ENTRIES SHOWN section start

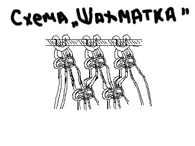 Начинаем плести коврик. Для этого прикрепите к стулу или жердочке нить. Используя метод простой петельки, разместите на ней четное количество вдвое сложенных нитей. Теперь начинайте плести по приведенной выше схеме.
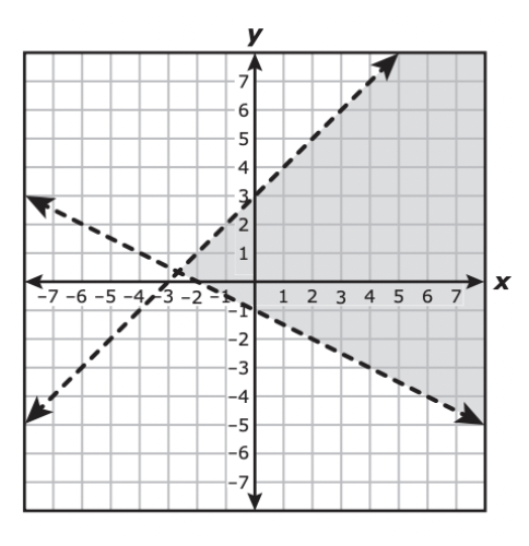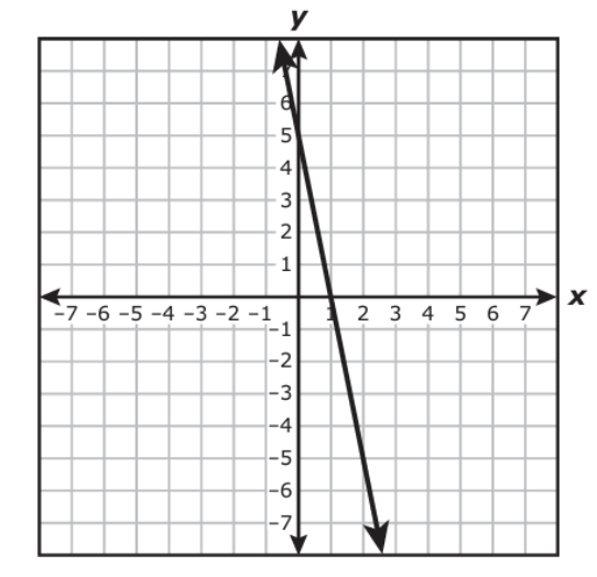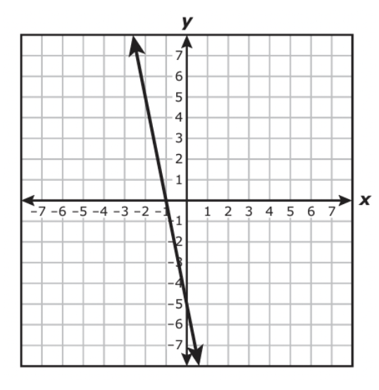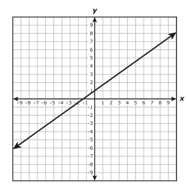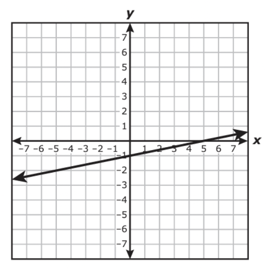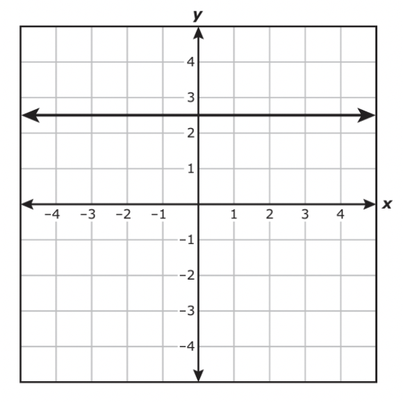 Which statement best represents the equation of the line shown on the grid and its relationship to the x-axis?
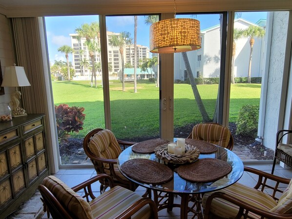 Checkout out this 1st floor end unit. Everything says “Life Is Better at The Beach” in this stunning fully furnished, 2 Bedroom 2 Bathroom condo with a separate dining area with seating for 6. This treasure is everything you requested for your next Florida vacation. This unique unit is a little gem, with detailed workmanship throughout. One of a kind unit. Lounge in the living room and enjoy some entertainment, sofa bed in living room also included. The master Bedroom features a cozy King Size Bed and a Flat Screen Television and master bath with shower stall and walk-in closet. Guest bedroom offers a queen-sized bed. Built in patio area gives extra space for relaxing and outdoor seating for 2. Wi-Fi is Available as well as Washer/Dryer.
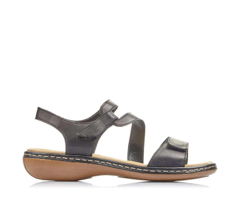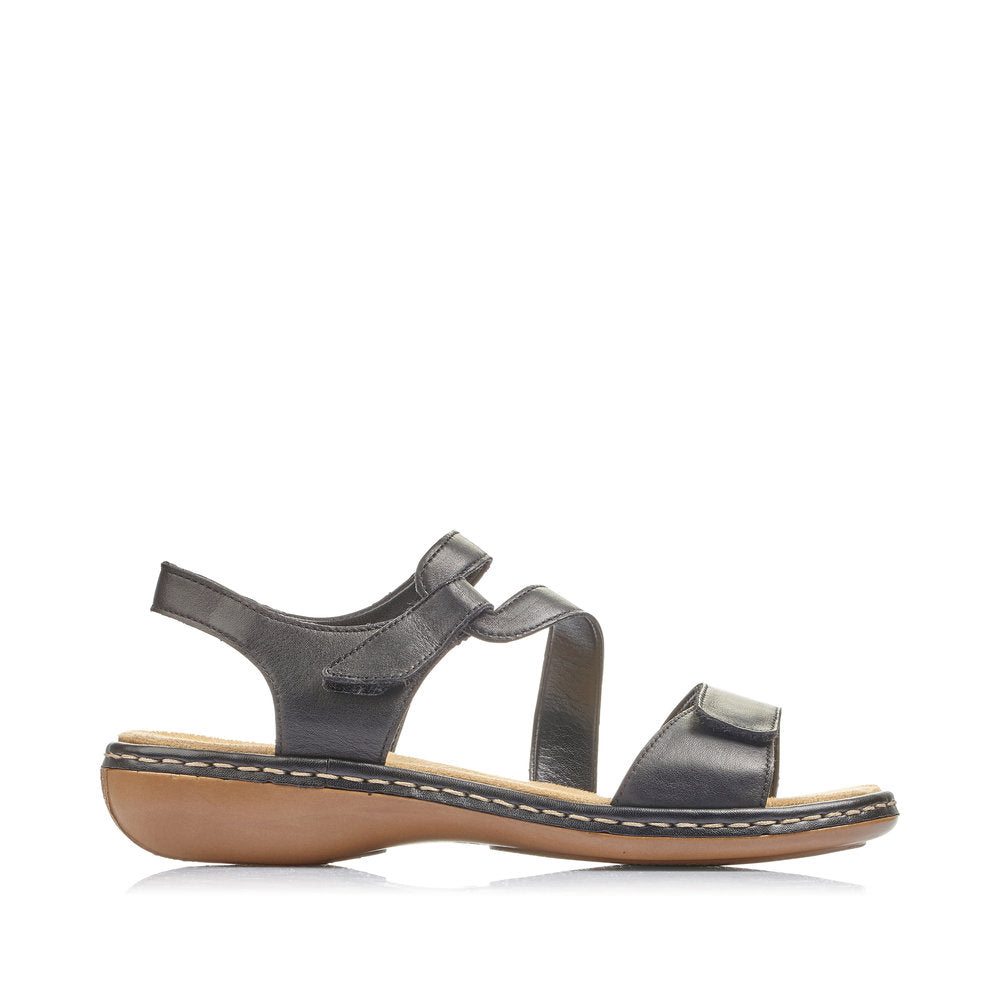 Rieker ladies sandals crafted in leather with textile lining and footbed for everyday comfort.
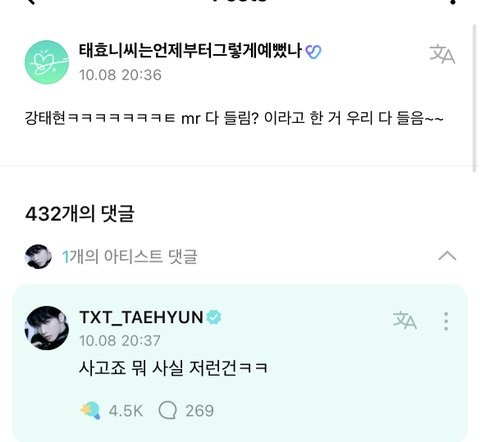 무대 들어가기 전 방송사고로 애들 말하는거 나왔는데 거기에서 강태현이 mr 다 들림? 하는거 나옴ㅋㅋㅋㅋ
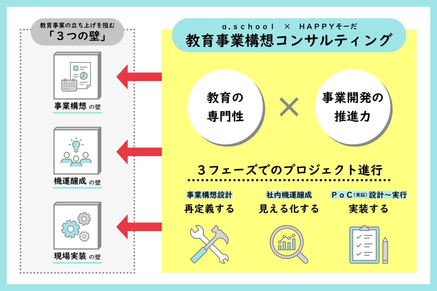 「新しい教育事業を始めたいけど、何から手をつけていいか分からない…」「既存の教育プログラムをもっと良くしたい!」そんな企業や自治体のみなさん、朗報です!探究・創造的な学びを推進する株式会社a.schoolと、教育事業開発を支援する合同会社HAPPYそーだが、タッグを組んで「教育事業構想コンサルティング」の協働提供をスタートしました。
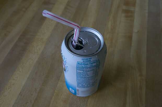 ¿Enfermo de su paja flotando y flotando al tratar de disfrutar de un refrescante dulce lata de soda? Simplemente doble la pestaña hacia delante sobre la apertura y meter la paja en el agujero en la ficha Voila, su paja no va dondequiera!
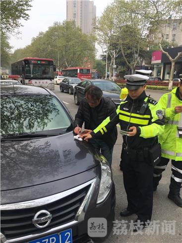2017年4月11日,南京交警十大队四中队民警在辖区新华路金年华商场门口开展不礼让斑马线违法行为专项整治。行人正在斑马线上通行,吴某驾驶着黑色小车虽然减慢了速度,但仍企图从斑马线穿过,民警将其拦停后吴某辩称自己减速就是在礼让,拒绝接受处罚。

ENTRIES SHOWN section end

**ASSIGNMENT:** Once you have returned the line containing "Which statement best", stop; begin at the first line of the material, keep each line exact, and skip the pictures.

**RESPONSE BOX:**
 Начинаем плести коврик. Для этого прикрепите к стулу или жердочке нить. Используя метод простой петельки, разместите на ней четное количество вдвое сложенных нитей. Теперь начинайте плести по приведенной выше схеме.
 Which statement best represents the equation of the line shown on the grid and its relationship to the x-axis?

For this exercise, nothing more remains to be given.